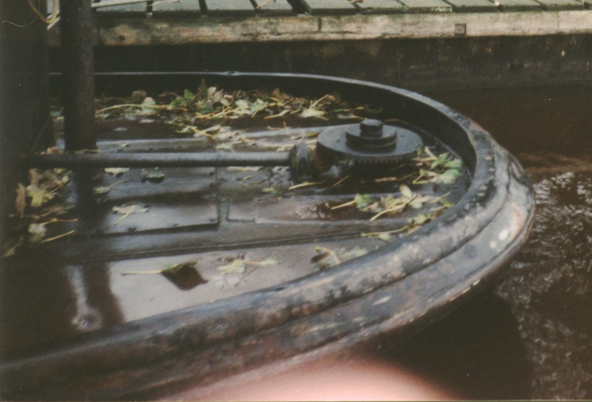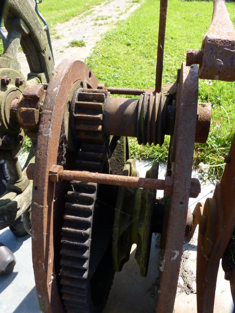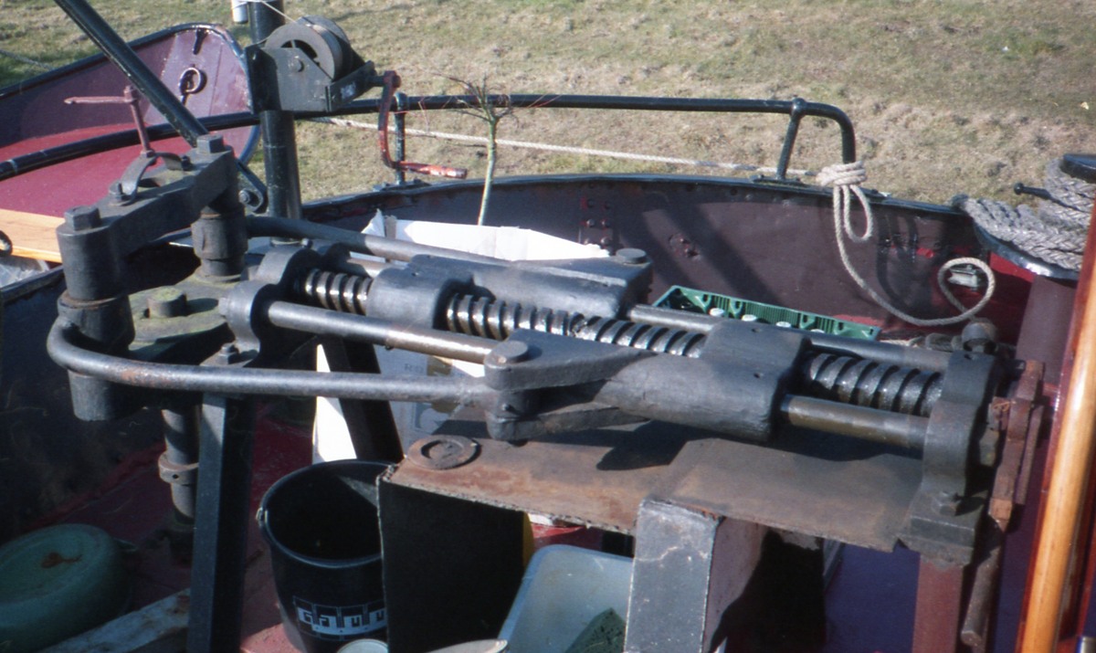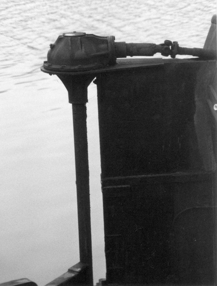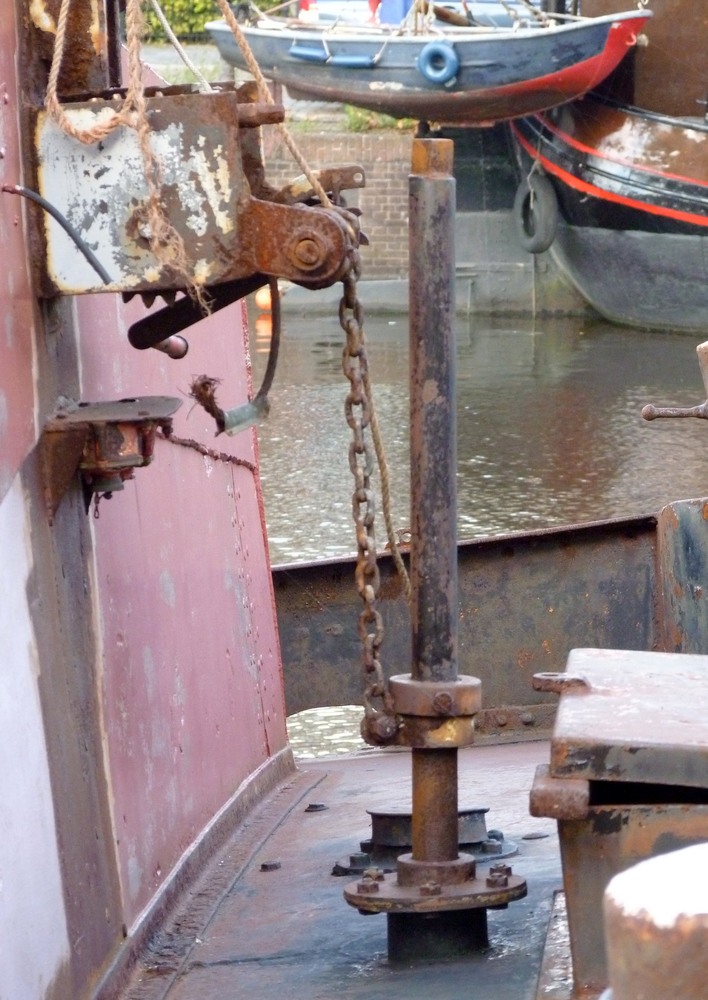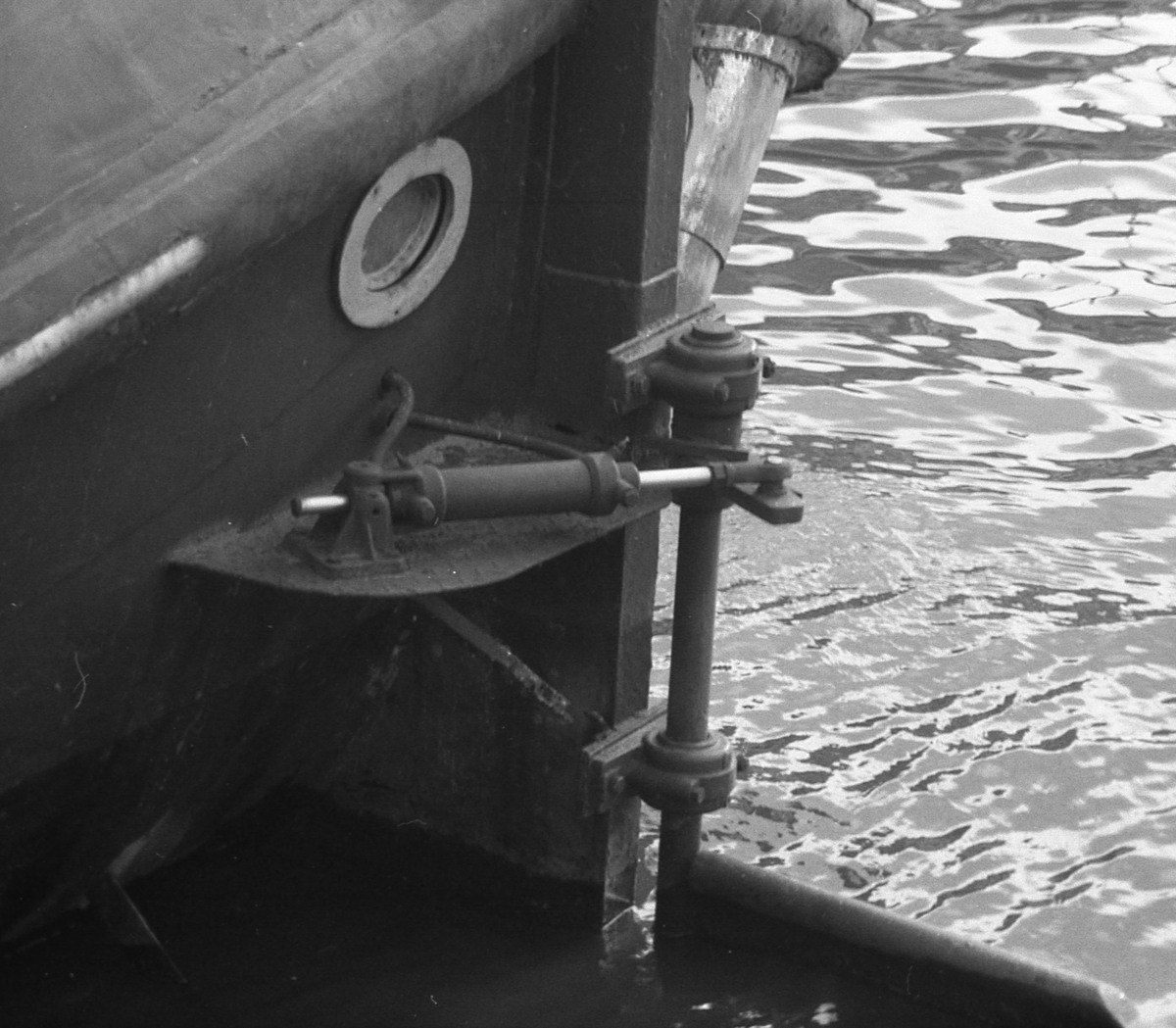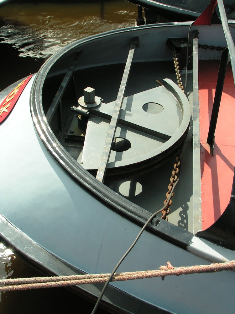 en daarmee het hele stuurhuis omhoog of naar beneden draaien. Daarna wordt de stuurhut op de gewenste hoogte vastgezet, de spie terug geplaatst en de tandwielen weer vrijgegeven. Het
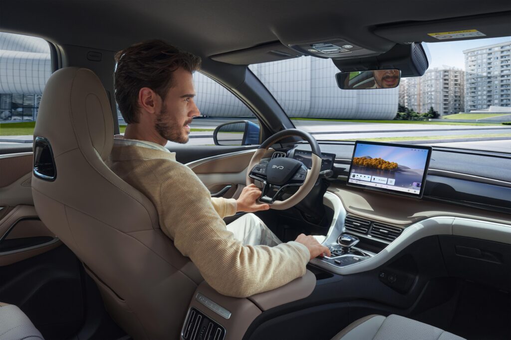Panoul de bord integrează un instrumentar digital de 8,8 inch pentru informațiile esențiale de condus și un ecran tactil de 12,8 inch, de înaltă rezoluție, care rulează cea mai recentă generație a sistemului de infotainment BYD. Acesta oferă comenzi vocale „Hi BYD”, conectivitate Apple și Android, precum și o interfață personalizabilă cu acces rapid la funcțiile principale. Controlul climatizării este intuitiv și poate fi realizat prin gesturi simple, chiar și în timpul condusului.
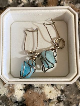Orecchini pendenti vintage Larimar Orecchini pendenti vintage Larimar Peso gr. 1.54 Lunghezza cm. 2.8 ap. Montatura Metallo argentato Chiusura Moschettone Pietra Larimar

About this task: You are asked to reproduce each line above exactly, but to exclude the pictures.

Response to the exercise:
 en daarmee het hele stuurhuis omhoog of naar beneden draaien. Daarna wordt de stuurhut op de gewenste hoogte vastgezet, de spie terug geplaatst en de tandwielen weer vrijgegeven. Het
Panoul de bord integrează un instrumentar digital de 8,8 inch pentru informațiile esențiale de condus și un ecran tactil de 12,8 inch, de înaltă rezoluție, care rulează cea mai recentă generație a sistemului de infotainment BYD. Acesta oferă comenzi vocale „Hi BYD”, conectivitate Apple și Android, precum și o interfață personalizabilă cu acces rapid la funcțiile principale. Controlul climatizării este intuitiv și poate fi realizat prin gesturi simple, chiar și în timpul condusului.
Orecchini pendenti vintage Larimar Orecchini pendenti vintage Larimar Peso gr. 1.54 Lunghezza cm. 2.8 ap. Montatura Metallo argentato Chiusura Moschettone Pietra Larimar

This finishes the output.